Pretty grim stuff, and rising star director Caroline Steinbeis has chosen to milk opportunities for comedy wherever and whenever they appear during the two and three quarter hours. This gives a somewhat stop-start effect as the tense propulsion towards the tragic climax is frequently punctured by comic let-offs. It also makes a production that already has too many characters and too much going on even more baffling at times.

John Ford's rarely staged tragedy was written for and performed by Shakespeare's old company, The King's Men, around 1629, thirteen years after the Bard's death.
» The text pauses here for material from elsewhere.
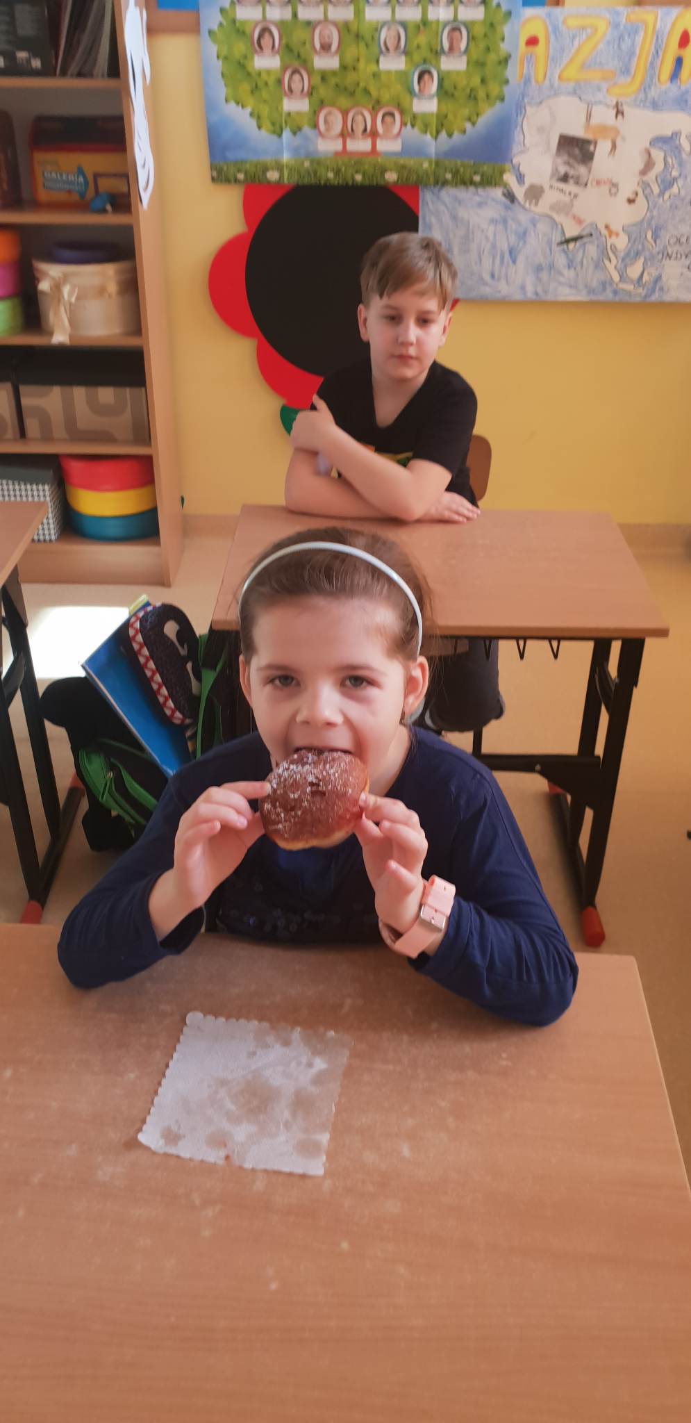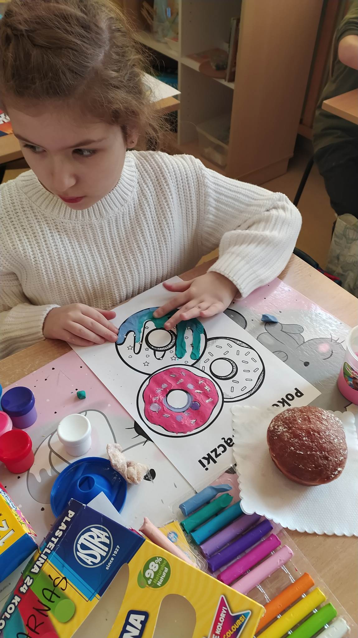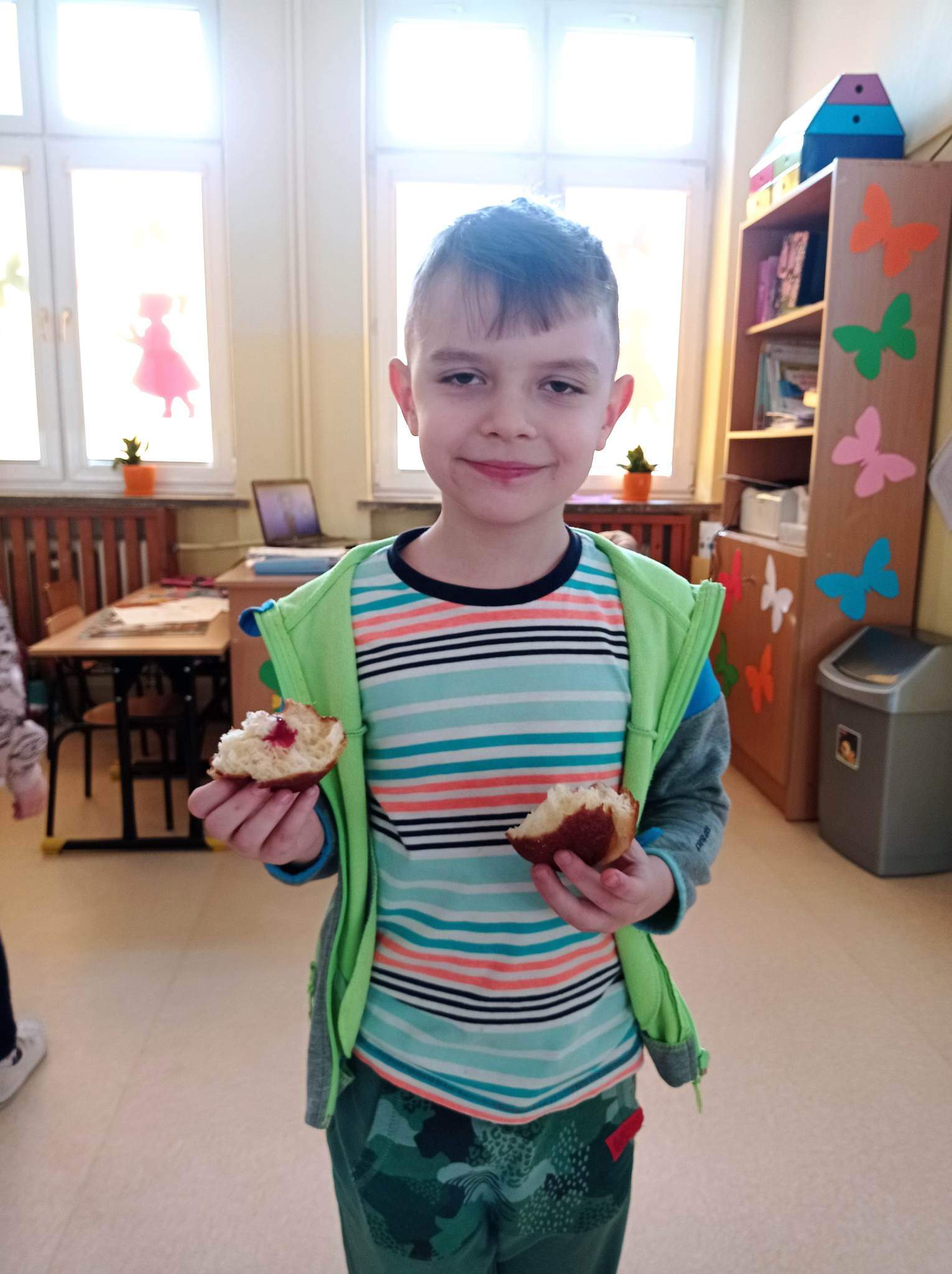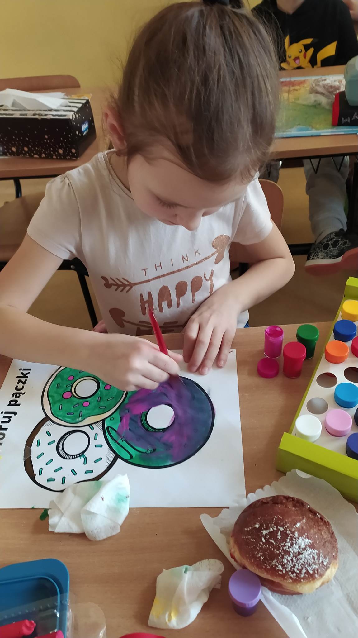 Tłusty czwartek to dzień, kiedy chętniej niż zwykle sięgamy po pączki i inne słodkie wypieki. Jest to jeden z najbardziej lubianych dni w roku. Tłusty czwartek rozpoczyna ostatni tydzień karnawału, a następująca po nim środa to początek Wielkiego Post. Uczniowie tego dnia mieli okazję zasmakować tego tradycyjnego wypieku, jak również poznać historię tego święta zarówno w Polsce jak i na świecie. Dzieci z klas 1-3 wykonywały prace plastyczne, gdzie pięknie dekorowały swoje rysunki z pączkami. Wszystkim tego dnia życzymy SMACZNEGO.

It was put on at the indoor Blackfriars Playhouse, from which the wonderful fifteen month-old Sam Wanamaker Playhouse takes its inspiration, as well as in the original Globe itself. Ford is best known for his bloodthirsty, incest-filled gangbang, 'Tis Pity She's A Whore.
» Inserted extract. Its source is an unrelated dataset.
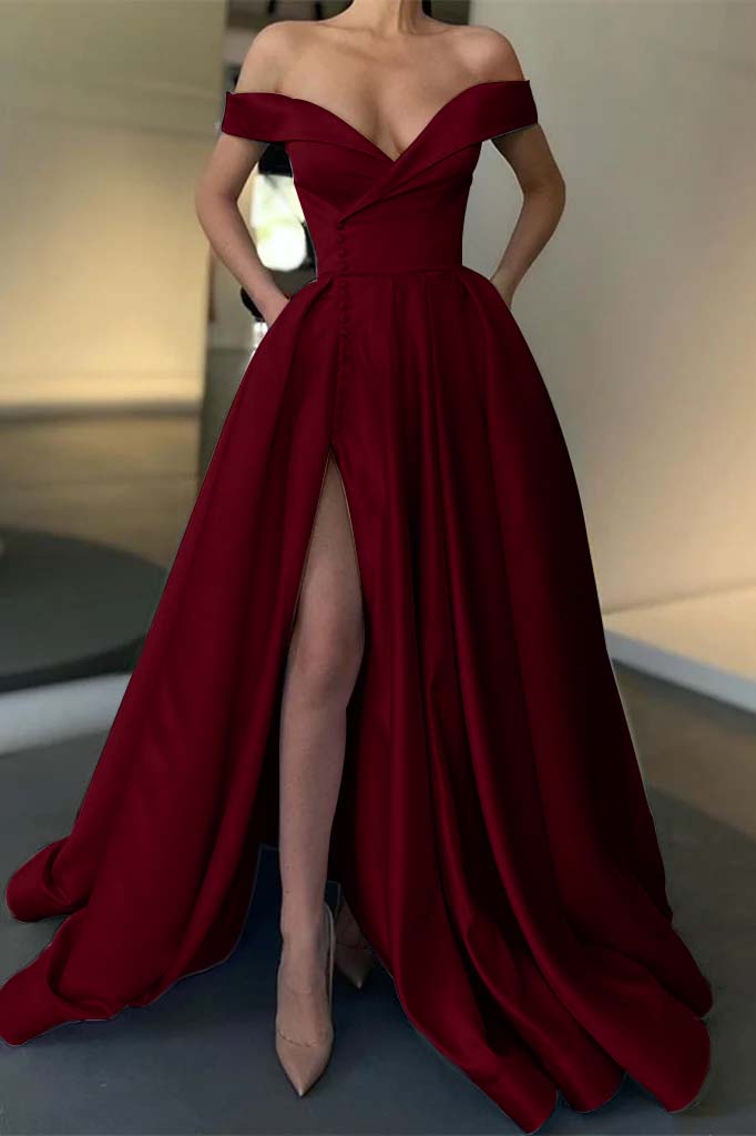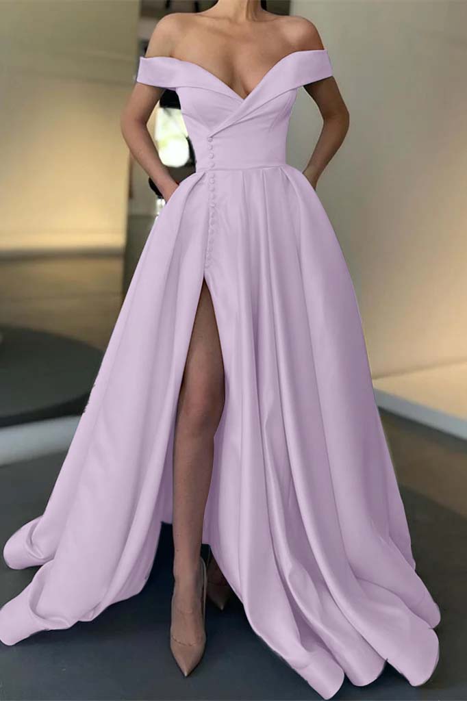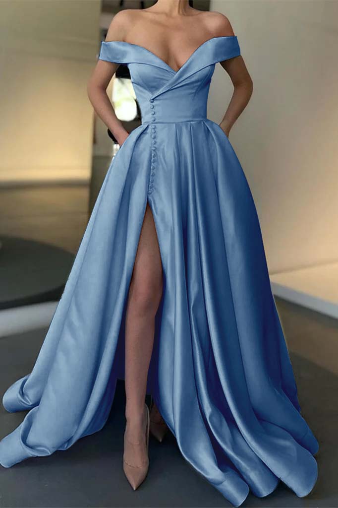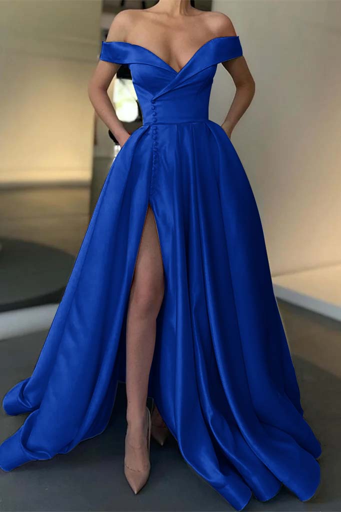 Off-the-Shoulder Long Split Prom Dress PD0386

The Broken Heart's complex plot is a tangled web of problematic relationships. Here's a stab at describing it: in ancient Greece, Orgilus (Brian Ferguson) loves Penthea (Amy Morgan), who has been forced by her own brother Ithocles (Luke Thompson) to marry the intensely jealous Bassanes, a character once played by Laurence Olivier and here interpreted mesmerisingly by Owen Teale. Orgilus's sister Euphrania (Thalissa Teixeira) has the hots for Tom Stuart's Prophilus. Meanwhile, Ithocles fancies Princess Calantha (Sarah MacRae), who is being pushed towards marrying a prince, Nearchus (Joe Jameson). Got that? Now throw in a few more odds and ends, including ominous Delphic oracles. Needless to say, the course of true love doesn't run smoothly for anyone.

Most enchanting is the golden gloom of the candlelit Jacobean-style playhouse. The candles' glow strongly influences the action's mood, sometimes radiating soft, warm light on sympathetic characters' faces and lavish costumes, at other times casting scary shadows on evildoers' countenances. You can smell the beeswax and sometimes hear the crackle of the flames. The effect is beautifully theatrical, in other words. But John Ford wasn't Shakespeare, alas, and while it's great to see one of Ford's neglected works revived, I can't wait to come back in future to see one of the Stratford playwright's masterpieces performed in such an incredible setting.